Information shown:
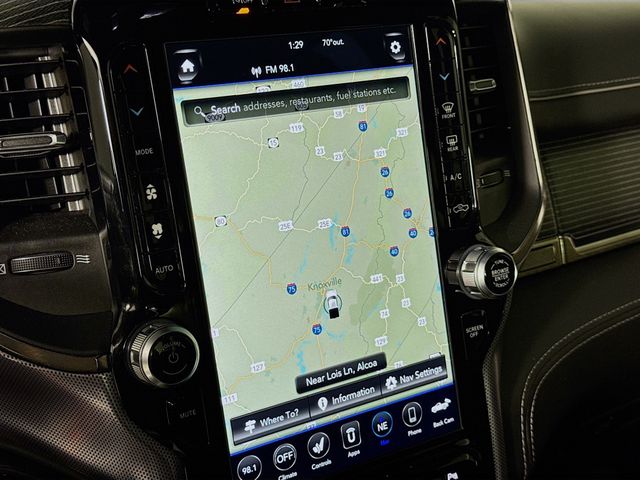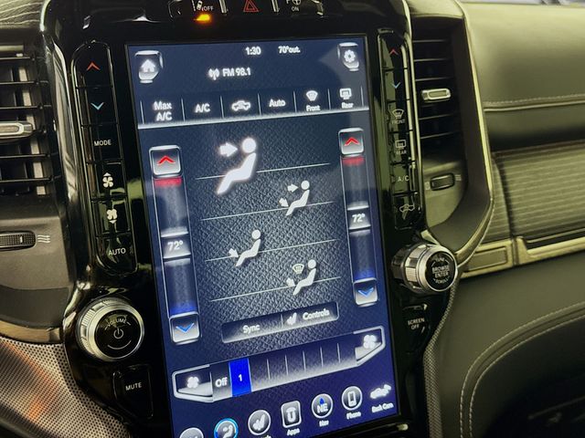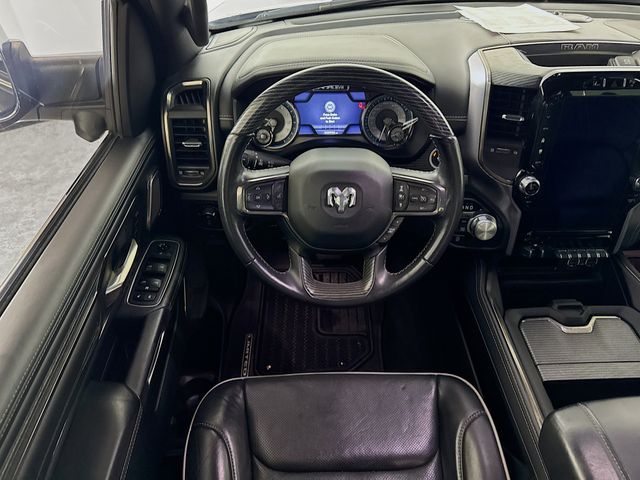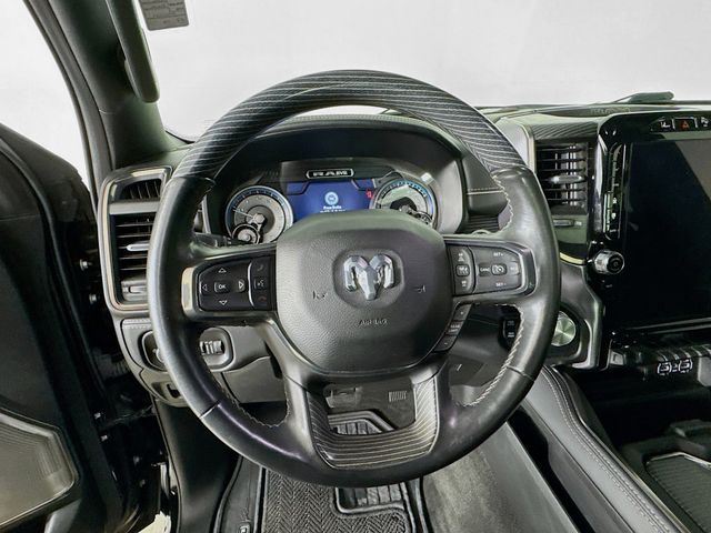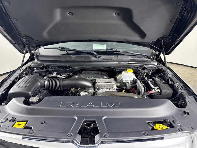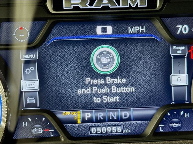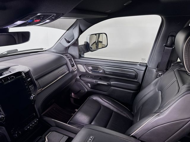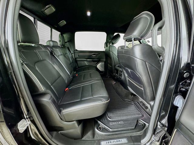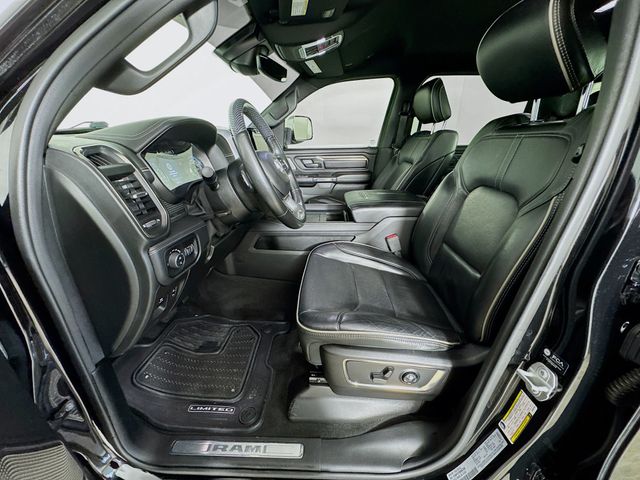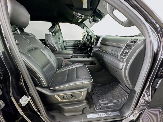 The chrome power-fold trailer tow mirrors and the Protection Group, which includes skid plates for the transfer case, steering gear, front suspension, and fuel tank, ensure that this Ram 1500 Limited is ready to tackle any adventure, whether it's towing a heavy load or navigating rugged terrain.
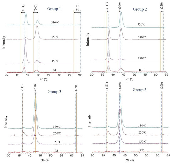 For samples in group 4 significantly weaker diffracting peaks were observed, despite having a similar thickness to films in groups 2 and 3, which suggests poor crystallinity or films with off-axis texture. In order to investigate this further, samples in this group were examined using the Bruker area-detector XRD system, and rocking curves were obtained for the (111) and (200) reflections. The results are shown in Figure 4, where ψ is the angle of tilt away from the film normal axis. Intensities in the (111) rocking curves were generally stronger than the (200). For the room temperature deposition, there is some (111) diffracted intensity near ψ = 0, but the strongest peaks are at ψ ~ 35°–40°. At 150 °C and 250 °C, the (111) reflections peak near ψ = 15°, which is close to the angle of gun tilt in the sputter deposition system. At 350 °C, the peaks are weaker and more diffuse, indicating a possible transition away from off-axis texture. The (200) grains do not exhibit off-axis tilt, but show either random orientation or a slight preferred on-axis (ψ = 0) orientation. Samples from Group 3 (−100 V bias) were also examined (not shown) and did not show any tendency for off-axis tilt. Therefore, the increase of the bias voltage from −100 to −140 V causes (111) crystals to grow in the general direction of the sputter guns; a similar effect of ion bombardment was reported by See et al. [30]. We also note that examination of the Bruker area diffraction patterns at −140 V bias did not show any additional phases formed beyond that reported for groups 1–3.
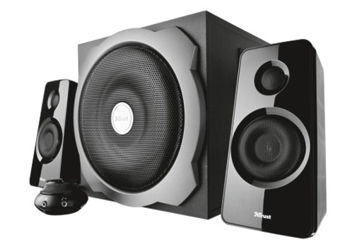 2.1 speaker set including wooden subwoofer with a total RMS power output of 60 Watt (120 Watt peak power)

What needs to be done: Write the material above out again exactly as it reads, but don't carry over the pictures.

Answer box:
 The chrome power-fold trailer tow mirrors and the Protection Group, which includes skid plates for the transfer case, steering gear, front suspension, and fuel tank, ensure that this Ram 1500 Limited is ready to tackle any adventure, whether it's towing a heavy load or navigating rugged terrain.
 For samples in group 4 significantly weaker diffracting peaks were observed, despite having a similar thickness to films in groups 2 and 3, which suggests poor crystallinity or films with off-axis texture. In order to investigate this further, samples in this group were examined using the Bruker area-detector XRD system, and rocking curves were obtained for the (111) and (200) reflections. The results are shown in Figure 4, where ψ is the angle of tilt away from the film normal axis. Intensities in the (111) rocking curves were generally stronger than the (200). For the room temperature deposition, there is some (111) diffracted intensity near ψ = 0, but the strongest peaks are at ψ ~ 35°–40°. At 150 °C and 250 °C, the (111) reflections peak near ψ = 15°, which is close to the angle of gun tilt in the sputter deposition system. At 350 °C, the peaks are weaker and more diffuse, indicating a possible transition away from off-axis texture. The (200) grains do not exhibit off-axis tilt, but show either random orientation or a slight preferred on-axis (ψ = 0) orientation. Samples from Group 3 (−100 V bias) were also examined (not shown) and did not show any tendency for off-axis tilt. Therefore, the increase of the bias voltage from −100 to −140 V causes (111) crystals to grow in the general direction of the sputter guns; a similar effect of ion bombardment was reported by See et al. [30]. We also note that examination of the Bruker area diffraction patterns at −140 V bias did not show any additional phases formed beyond that reported for groups 1–3.
 2.1 speaker set including wooden subwoofer with a total RMS power output of 60 Watt (120 Watt peak power)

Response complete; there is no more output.